# Minimum # of t's for label inside?



## mmmgreilly (Nov 15, 2005)

Does anyone Know of the minimum # of t's you must order for a company to put your label in it? 2,000? 5,000? I may have a big order and would like to have my label put in.

Thanks.


----------



## jdr8271 (Jun 16, 2005)

Usually you buy the labels from one company, and then have another company actually sew the labels in. Companies that sew the labels in usually have low minimums, but the companies that you buy the custom lables from usually have minimums of about 1500.


----------



## Rodney (Nov 3, 2004)

If you are buying directly from the manufacturer and you want them to put your labels in at the time the shirt is sewn together, you are usually looking at quantities of 1000+ shirts.


----------



## Comin'OutSwingin (Oct 28, 2005)

Where are you getting your shirts from? From some earlier research, I know someone at Royal Apparel told me that they have a minimum of 60 shirts for relabeling. 

I've got a company in my state that relabels my shirts with no minimums. I have my shirts shipped there, they relabel them, then give a break on the shipping to me.


----------



## bushidosoul (Feb 6, 2006)

could you let us know what company?


----------



## Comin'OutSwingin (Oct 28, 2005)

Sure! No problem!

Seams Reasonable, Inc.
Red Boiling Springs, TN 
(615) 699-3946
seamsrea at nctc dot com

No website.


----------



## Mr.4ColorProcess (Dec 5, 2005)

Have you considered heat transfer neck labels like the kind Disney, Juicy Couture, and Looney Tunes use?

-- Jimmy


----------



## NARC72 (Aug 10, 2005)

Comin'OutSwingin said:


> Sure! No problem!
> 
> Seams Reasonable, Inc.
> Red Boiling Springs, TN
> ...


Does this company provide the labels also?


----------



## Comin'OutSwingin (Oct 28, 2005)

NARC72 said:


> Does this company provide the labels also?


No, they do not provide labels. They just sew them in!


----------



## bushidosoul (Feb 6, 2006)

Comin'OutSwingin said:


> Sure! No problem!
> 
> Seams Reasonable, Inc.
> Red Boiling Springs, TN
> ...


How does it cost to have say 100 - 200 shirts labels sewed? What were the rates you got?


----------



## Comin'OutSwingin (Oct 28, 2005)

I get my labels sewn in where the other label was, which costs me $.35 per label. No minimums.

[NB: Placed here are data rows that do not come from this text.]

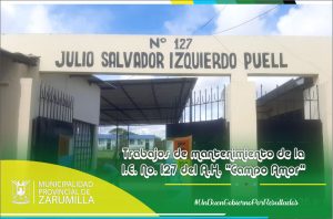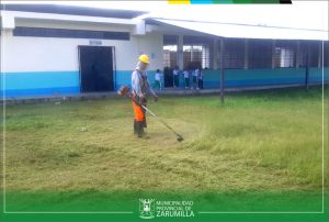 Seguimos atendiendo a las instituciones educativas de la provincia. Personal obrero, realizó trabajos de limpieza y mantenimiento de la Institución Educativa Nº 127 «Julio Salvador Izquierdo Puell» del A.H. «Campo Amor», en donde se procedió al corte de monte, limpieza y ordenamiento del mencionado plantel, toda vez que ante el periodo de lluvias que afrontamos, se ha incrementado la proliferación de mosquitos transmisores de diversas enfermedades como el dengue y malaria, por lo que resulta urgente la realización de estos trabajos para cuidar la salud y bienestar de los educandos.
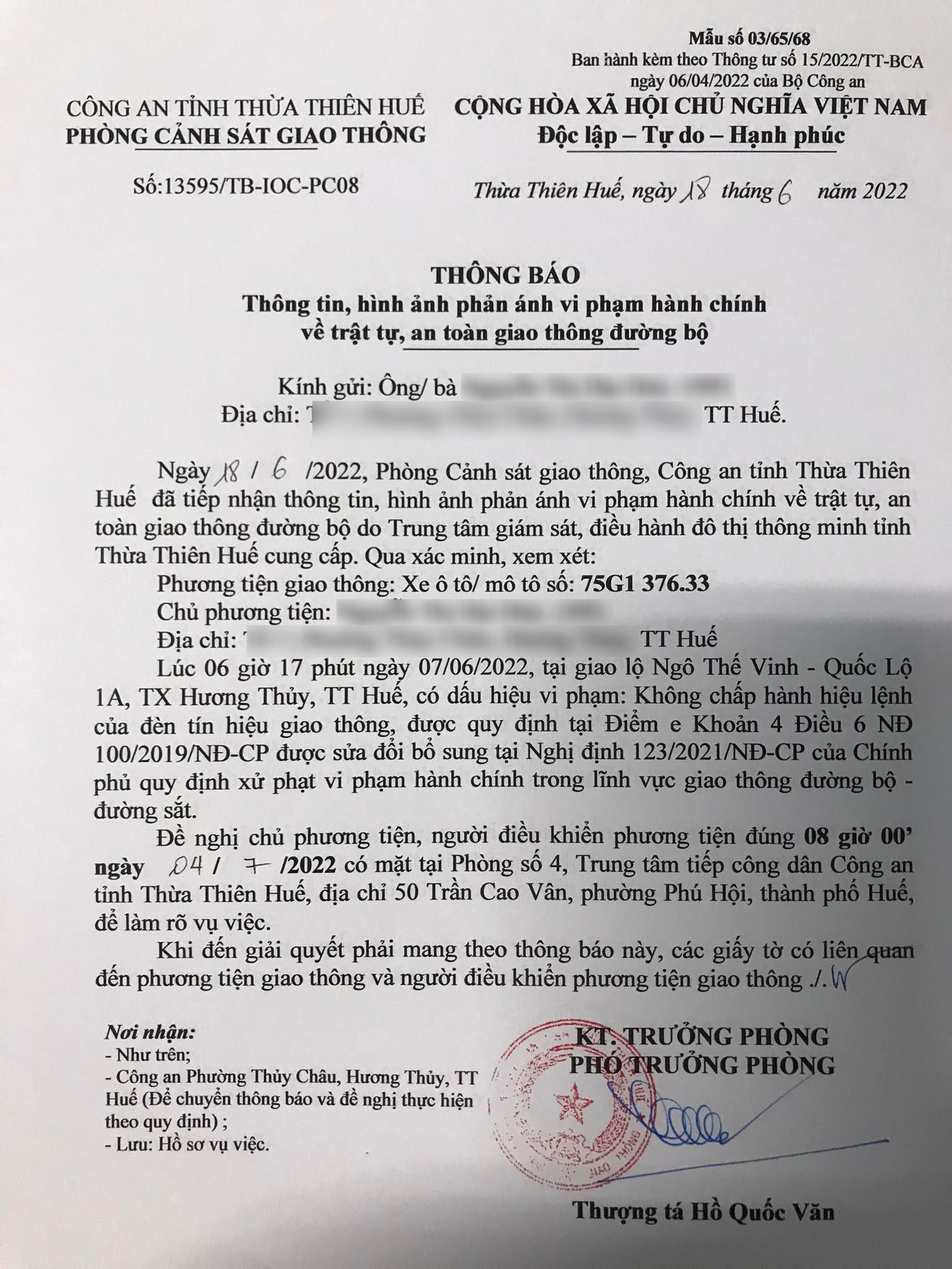 Phòng Cảnh sát giao thông xác định lỗi vi phạm của người điều khiển phương tiện 75G137633 như sau: Không chấp hành hiệu lệnh của đèn tín hiệu giao thông, quy định tại điểm e khoản 4 điều 6 Nghị định 100/2019/NĐ-CP được sửa đổi, bổ sung tại Nghị định 123/NĐ-CP ngày 28/12/2021.
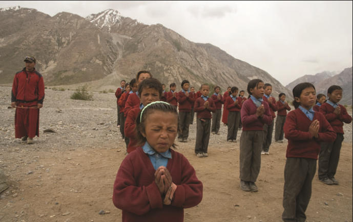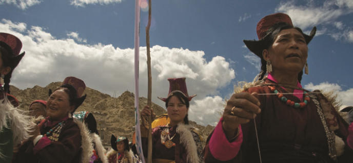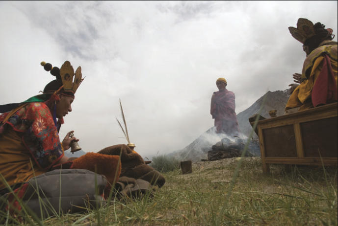 A Buddhist monk and a Tibetan witchdoctor perform a ritual to usher well-being into the valley.
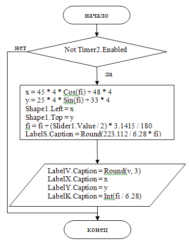 Представим графический алгоритм, в виде блок-схемы, для процедуры Private Sub Timer1_Timer(), отвечающей за передвижение тела по эллиптической траектории.
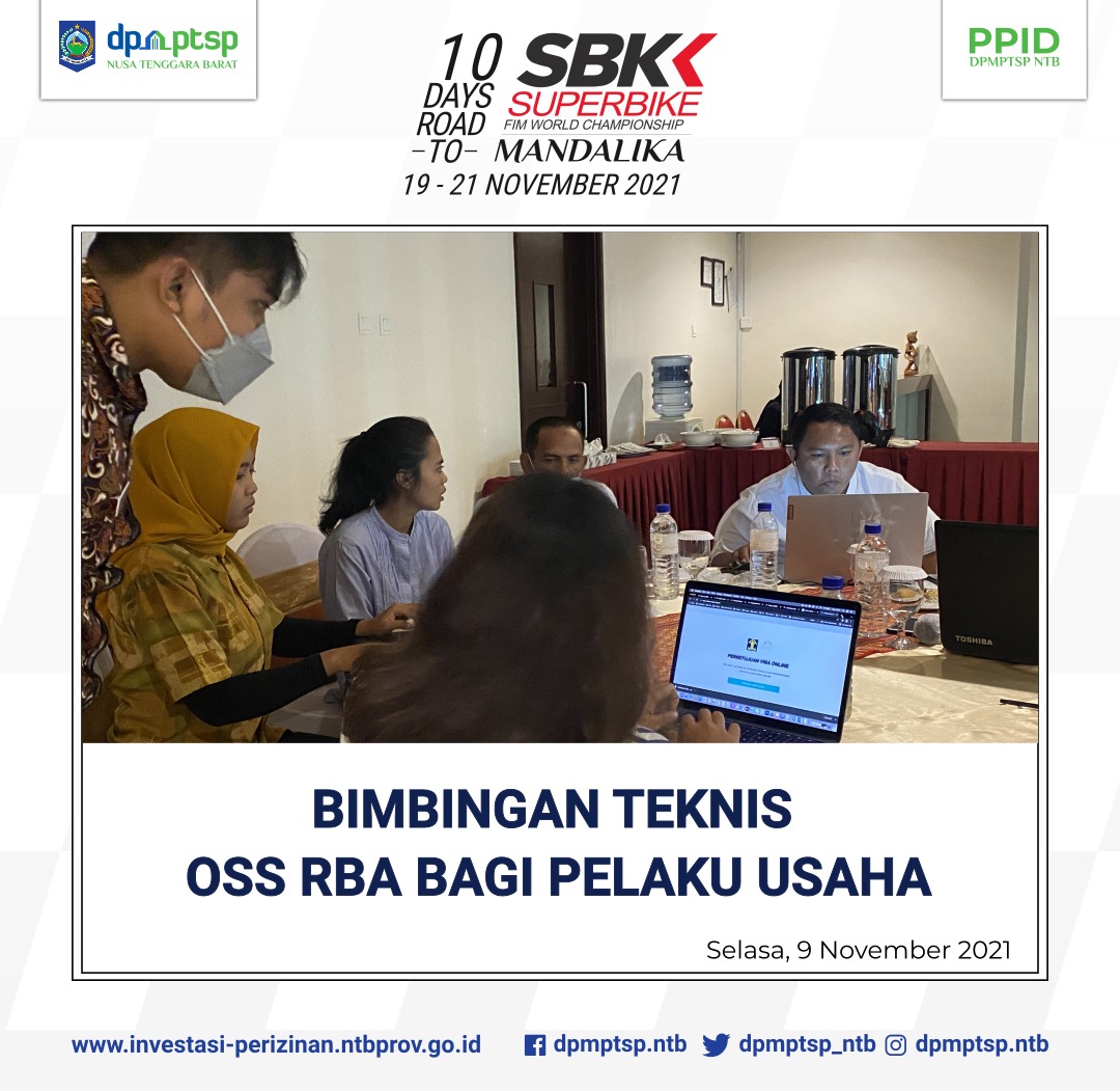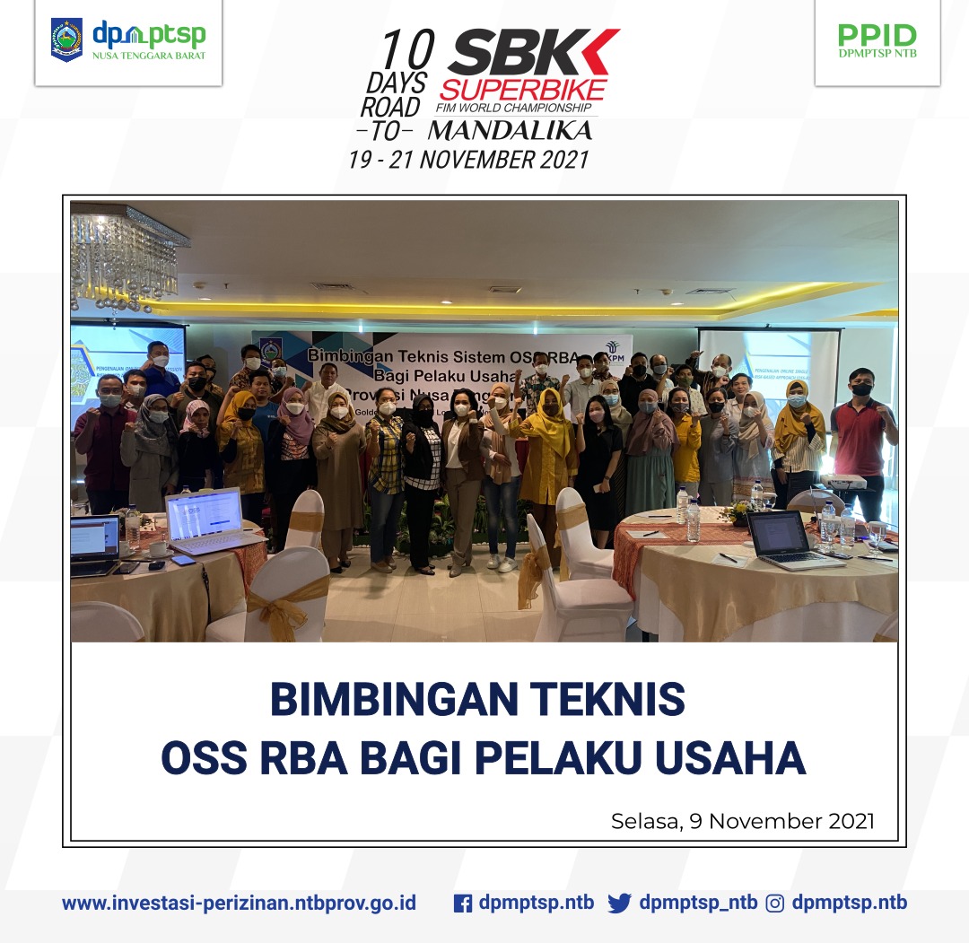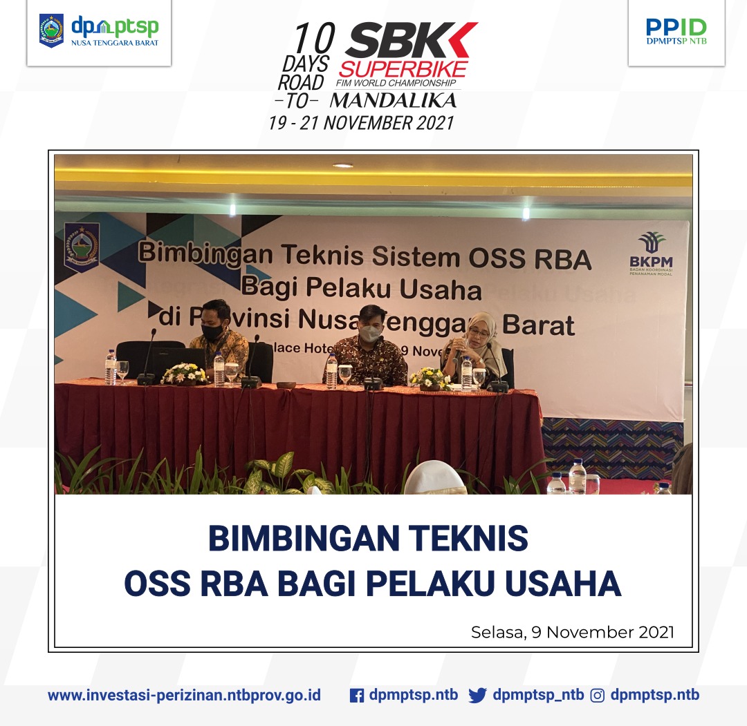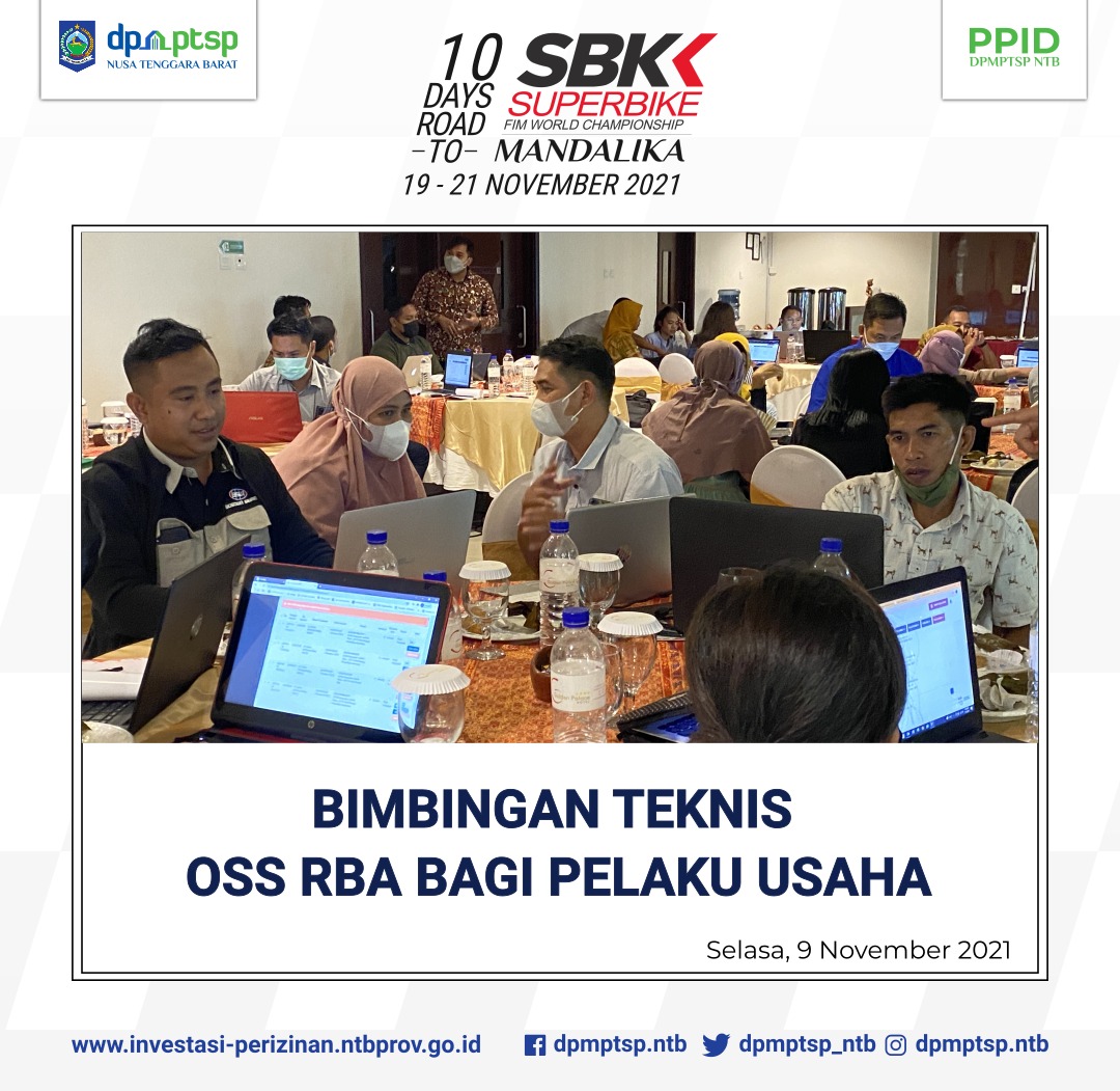 Dinas Penanaman Modal & PTSP Provinsi NTB menyelenggarakan kegiatan Bimbingan Teknis (BimTek) Sistem Online Single Submission Risk Based Approach (OSS-RBA) sebagai sebagai perwujudan DPMPTSP sebagai perwakilan Pemerintah Pusat dalam Penyelenggaraan Perizinan Berusaha di daerah (Selasa, 9/11/21).

Anymore questions, just ask. 

p.s. 
They are GREAT to work with!

Also, we've been trying to find a local place to do it for us, and that's been a pain. My wife called a few places today (20) and all but 2 said they couldn't do. Of the 2 that did, one said they would need to see the shirts and labels to give an accurate quote (my wife's on the way there now!) and the other said it would cost $3 per shirt! (must be on some moonshine or something!)


----------



## honeyflip (Nov 1, 2005)

Interesting thread. Thanks for all the info. As I know nothing at all about sewing label process, let me ask what might be a dumb question. Does the company that sews the labels in remove the old labels? Or, when you buy the blank shirts in quantity from whomever (Alternative Apparel, Gildan, etc.), do they supply the shirts without labels? How does that work?


----------



## Comin'OutSwingin (Oct 28, 2005)

No dumb questions!

Right now I get ProClub shirts. They come with a single woven label. The company that I use takes the old ProClub label out, and replaces it with my woven label. 

I know some companies will put labels in for you, if you supply them with the labels. Most of them have pretty large minimums for this (1,000), but there are some that have fewer minimums. I think Royal Apparel has a minimum of 60 and they will put your label in instead of theirs. I'll have to check that though.


----------



## honeyflip (Nov 1, 2005)

Oh okay. Cool. Thanks for the info. I'm about to go online with my store and, if the numbers warrant it, relabeling is definitely in the future.


----------



## monkeylantern (Oct 16, 2005)

Relabelling rates vary a lot, so shop around.

I've had quotes for 100 shirts of 30 to 90 cents.


----------



## Royaltygirl (Apr 12, 2006)

Hey,
Question for you..
When you are having your label put in do they keep the part of the label w/ thread count and care instructions in?
I hope you understand what I am talking about. also, where do you order your labels from? Sorry..lots of questions.. 
Thanks


----------



## JeridHill (Feb 8, 2006)

*Make Your Own!!*

The great thing about labels is, you can make your own!

Simply choose a thin fabric that washes well, like a twill or a fine woven fabric. Print some heat transfers with a laser printer or inkjet, cut out...


----------



## Comin'OutSwingin (Oct 28, 2005)

That's if you want a print on a label.

My labels are completely woven. Company name and all!


----------